- **Task to complete**
For the material that follows, return exactly the lines from the one with "Aritzia Wilfred Valencia" through the one with "目前PS線上保固提供四種設備", both ends included.

Records for the exercise Start Marker

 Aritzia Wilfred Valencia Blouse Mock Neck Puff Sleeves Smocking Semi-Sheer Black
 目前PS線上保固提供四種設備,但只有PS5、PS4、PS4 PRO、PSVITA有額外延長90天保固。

Records for the exercise End Marker
Records for the exercise Start Marker

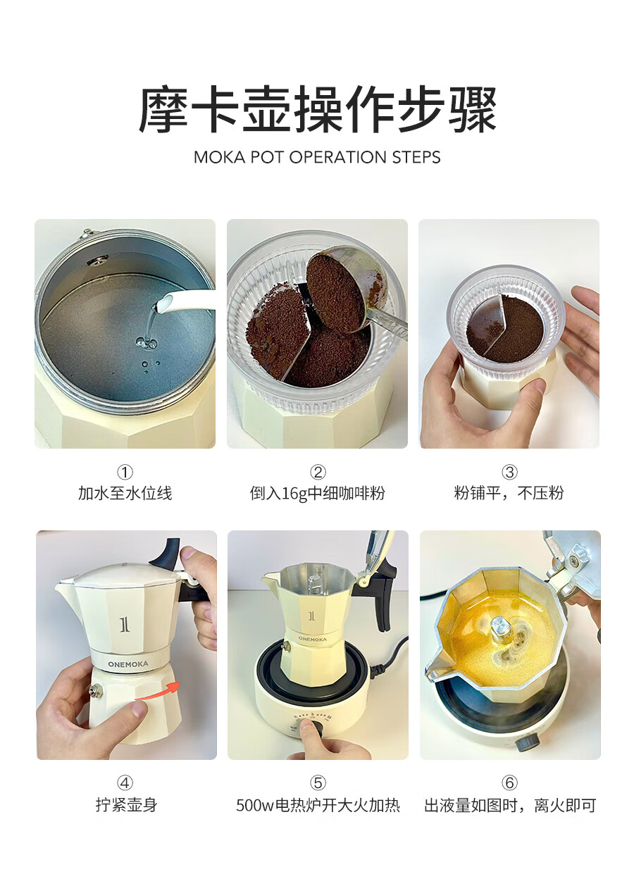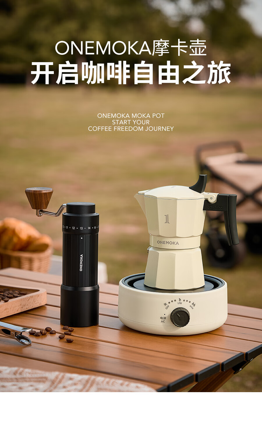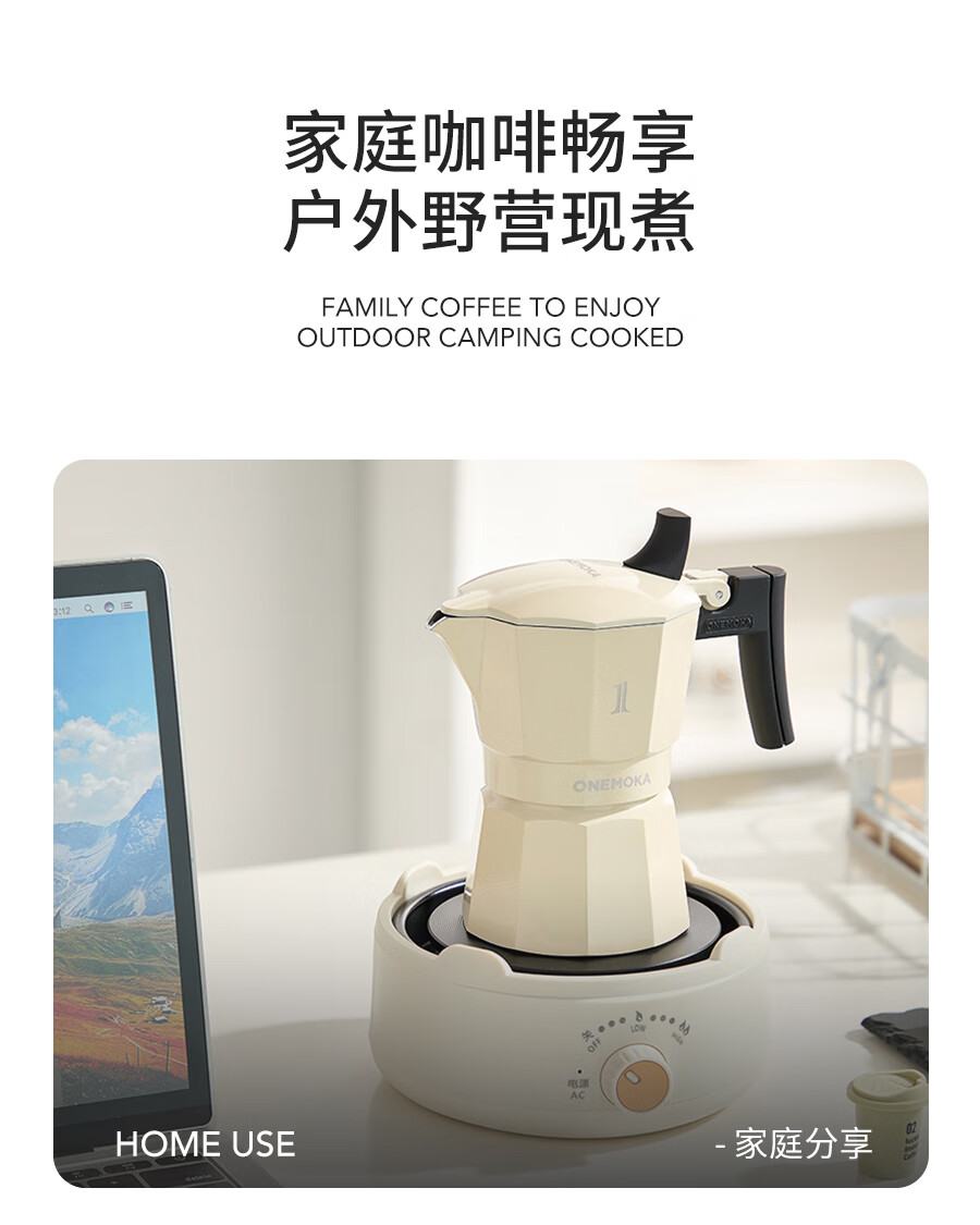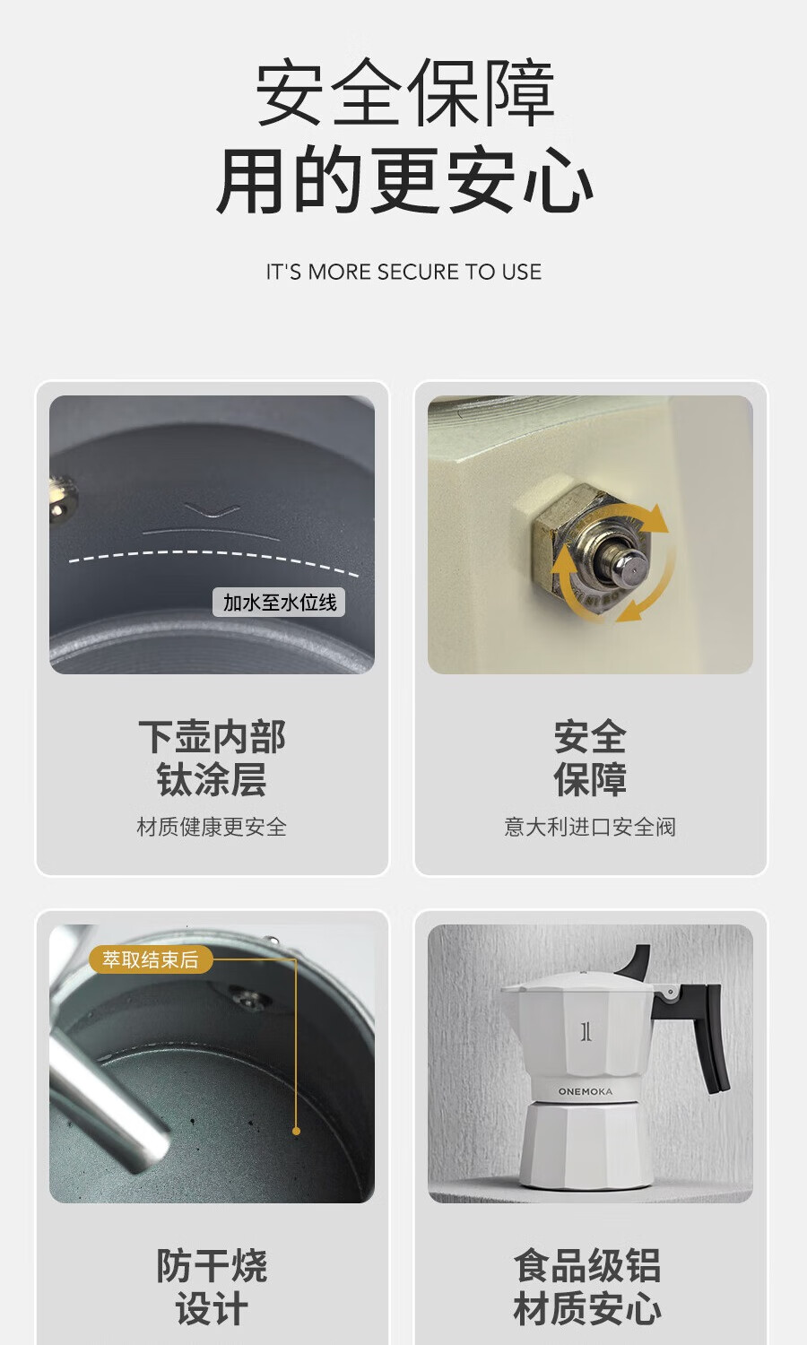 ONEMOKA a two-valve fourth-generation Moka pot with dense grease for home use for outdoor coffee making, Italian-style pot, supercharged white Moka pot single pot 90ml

Records for the exercise End Marker

- **Completed exercise**
 Aritzia Wilfred Valencia Blouse Mock Neck Puff Sleeves Smocking Semi-Sheer Black
 目前PS線上保固提供四種設備,但只有PS5、PS4、PS4 PRO、PSVITA有額外延長90天保固。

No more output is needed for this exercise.